Neufelder, who has 40 years of experience in hospital administration, says he and Jane were moved by Shupe’s passion for her work, and the results they’ve seen from the program at Arnett. He and his wife both come from small towns, and they believe that these resources and specialized care should be made available to everyone, regardless of where they live.
“We just feel an important part of life is trying to do things that make life better for others,” he says. “You don’t have to have been a victim of sexual assault to have deep compassion for those who have been victims and want to help make a difference for them.”
The Neufelders were able to take advantage of a matching gift from the IU Health Foundation, doubling their impact and ensuring that both hospitals will have the resources they need to implement the program. Neufelder is thrilled to see that their gift will go even further, but he also says that anyone who wants to make a difference can give, at any level. “I don’t think it’s so much about the dollar amount; it’s about holding the generosity in your heart and knowing that good things can happen,” he says.
Jane adds that once she saw the incredible need and the work being done at the existing Center of Hope, she was ready to act. “I was just so impressed with the care and the process, and became aware of their need for funding,” she says. “It makes me happy to be able to contribute to something that I know is going to be so meaningful to people in the moment they need it.”
The Neufelders’ gift will be used for highly specialized staffing and equipment needs to maintain both centers.

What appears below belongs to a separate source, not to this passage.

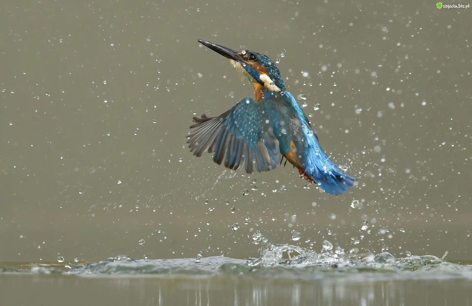 Zdjęcie Zimorodek, Lot, Woda, Krople, Rozpryski
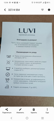 Простынь даст усадку до 4% - это естественный процесс для 100% натуральных тканей. Чтобы сохранить свой красивый внешний вид соблюдайте рекомендации по уходу.

However, Shupe says the gift will do much more; it will help patients heal by guiding them through a traumatic and devastating life event. “Patients who are victims of violence present to our hospitals in a very vulnerable state,” she says. “This gift will prevent re-traumatization and allow for the healing process to begin. This impact will be felt for the remainder of these patients’ lives.”
The Centers of Hope across the West Central Region will provide highly skilled and trained forensic nurses on-call 24/7 to assist patients of abuse. The new locations will also eliminate the need to transfer patients, allowing them to receive this specialized care without the additional trauma of being transferred to other facilities. With one in five Hoosier women experiencing a sexual assault at some point in their lives, and men and children at risk as well, there has never been a better time to address this critical need.